Un invierno en Mallorca...
"Cuando la vista del fango y de las nieblas de París me sumerge en la melancolía, cierro los ojos, y vuelvo a ver, como en un sueño, esa montaña mallorquina salpicada de vegetación, esas rocas peladas y esa palmera solitaria perdida en un cielo rosado", George Sand.

Viajamos en el tiempo a 1836, a una reunión de amigos en el Hôtel de France, una mujer le murmura a otra... "Ese señor Chopin. ¿Es una niña?". Mientras el músico polaco a la salida de la reunión le confía al anfitrión... "Qué antipática es esa señora Sand. ¿Es una mujer? Mira que estoy por dudarlo". Seis meses más tarde en una nueva reunión, George Sand asiste ataviada a casa de Chopin al estilo polaco y queda prendada del músico al escucharlo tocar junto a Lizt. Así comenzó una historia de amor que duró casi diez años y cambiando la vida y obra de ambos. 

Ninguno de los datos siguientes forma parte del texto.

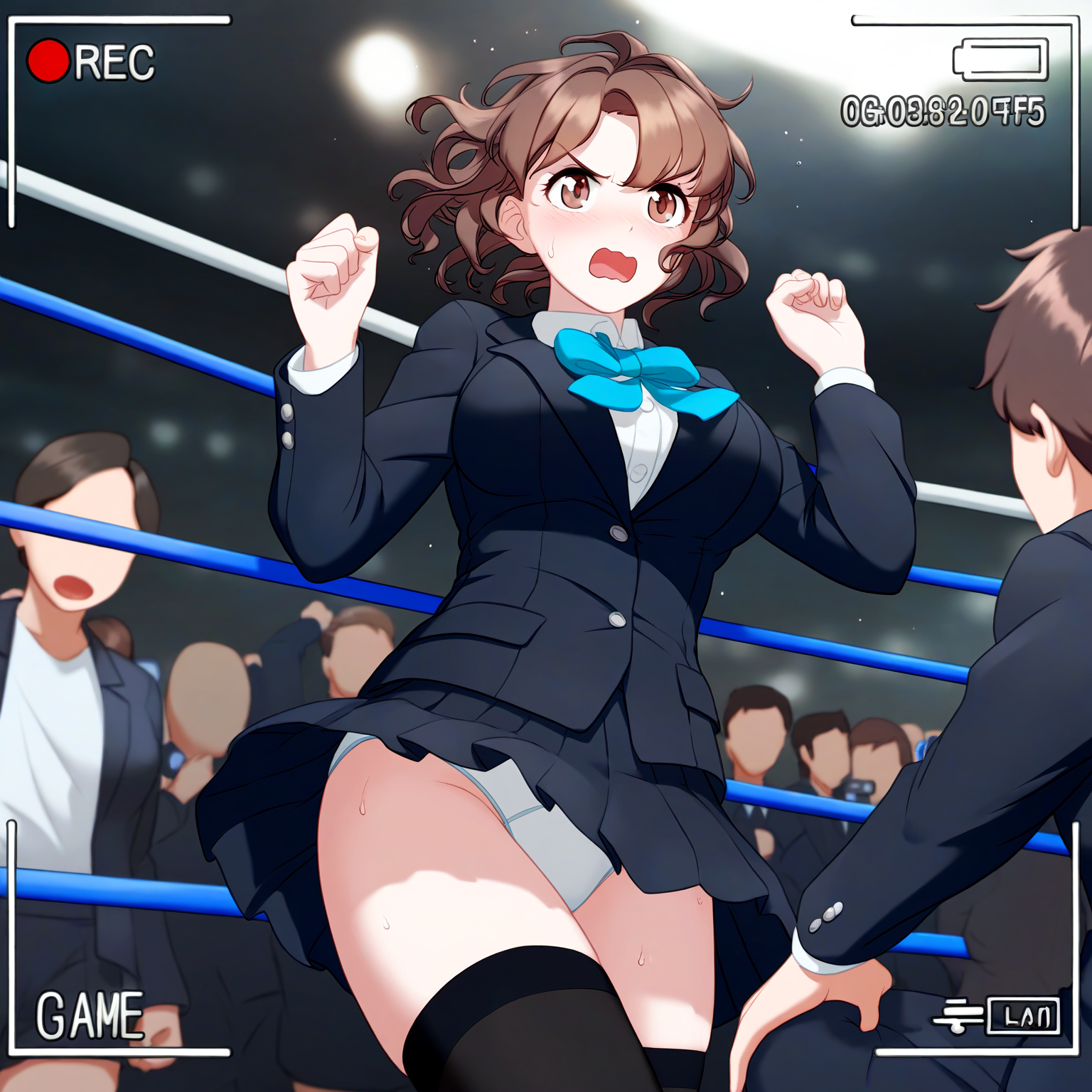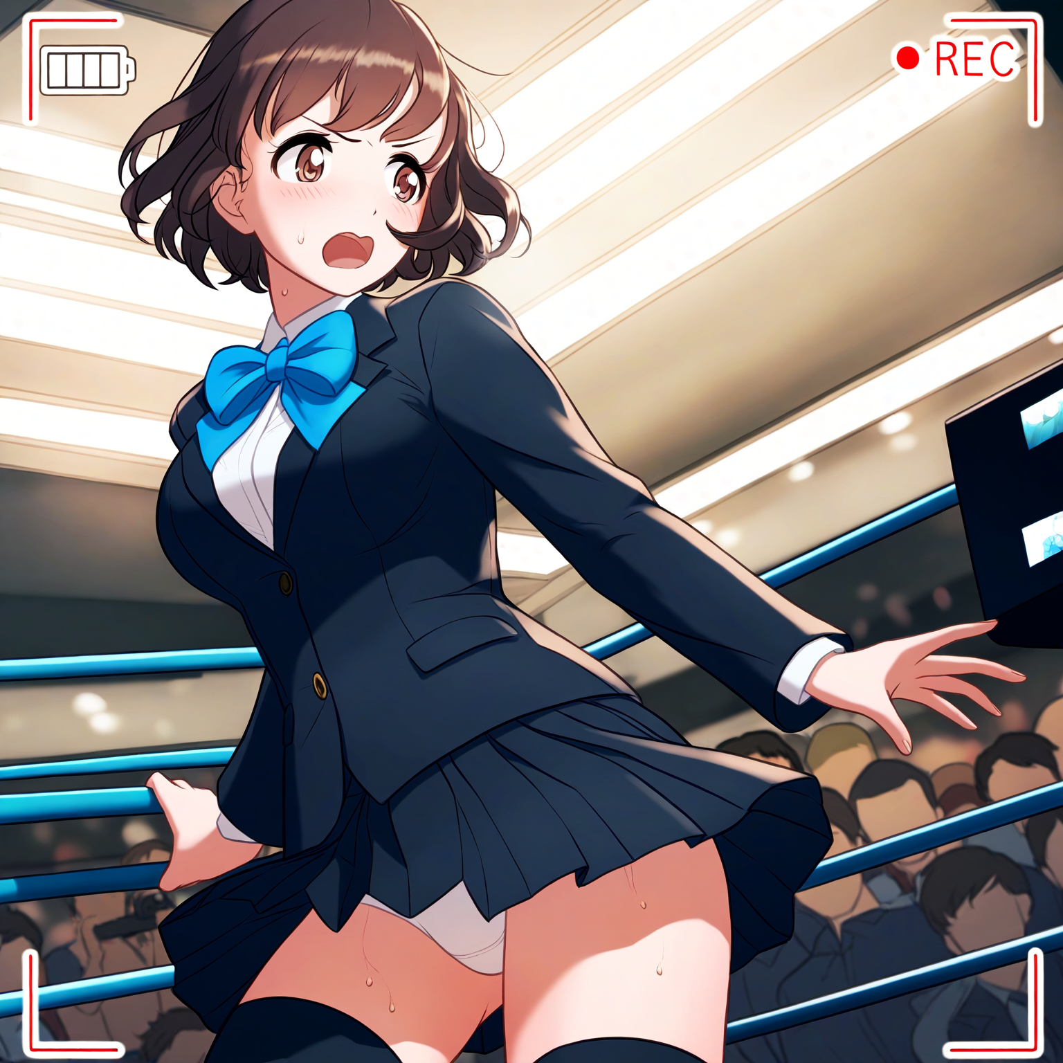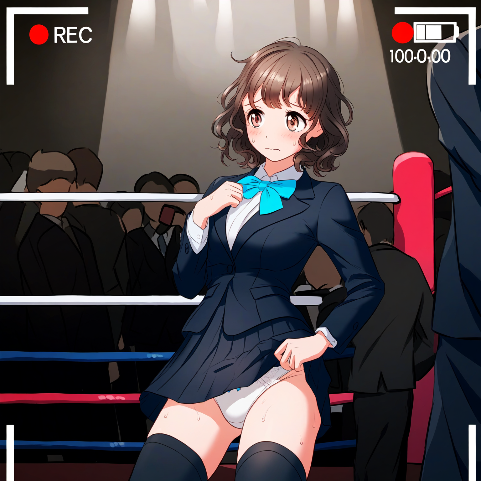 prompt: {game cg},{{{nsfw}}},best quality,1girl and 1 man,brown eyes,{tareme},brown hair,short hair,{{{wavy hair}}},medium breast,black blazer,black skirt,pleated skirt,white panties,looking away,wrestling ring,indoors,embarrassed,group shot,,black thighhighs,hetero,crowd,blue bowtie,{{{recording}}},sweat,{{adjusting panties}},from back, best quality, amazing quality, very aesthetic, absurdres

Avanzamos un poco más y nos vamos al verano de 1838, el hijo de Sand sufre aquejado de reuma y ésta es aconsejada por el matrimonio Marliani para que pase una temporada en una benévola isla llamada Mallorca. Así el 8 de noviembre de ese mismo año Frédéric Chopin, George Sand y los dos hijos de ésta llegaban a la isla en el vapor conocido como "es Pages". Tras pasar por tres alojamientos fallidos y unas semanas de sol y agradables paseos, el invierno se desató en Mallorca. Uno de los más fríos y lluviosos que los lugareños recordaban. Chopín enferma y se le diagnostica tuberculosis, lo que hoy en día es puesto en duda pues pese a que la enfermedad era altamente contagiosa no afectó ni a Sand ni a sus hijos, planteándose una posible fibrosis quistica. Aunque no lo fuese en realidad, el pánico cundió entre los vecinos, y nuestros viajeros fueron invitados a abandonar la finca que alquilaban, "So Vent" (en la que el dueño hizo blanquear las paredes como precaución tras su marcha que tuvieron que costear ellos mismos). Como dos atestados fueron acogidos por el cónsul francés y una fortuita excursión les llevó a la Sierra de Tramontana, en concreto al municipio más elevado de la isla que rodeado de olivos, almendros o algarrobos, vigía del mar y de tortuoso acceso les enamoró. Valldemossa, localidad que también acogió hombres ilustres como Unamuno, Borges, lord Chamberlain, Rubén Darío, Azorín o Sorolla entre otros.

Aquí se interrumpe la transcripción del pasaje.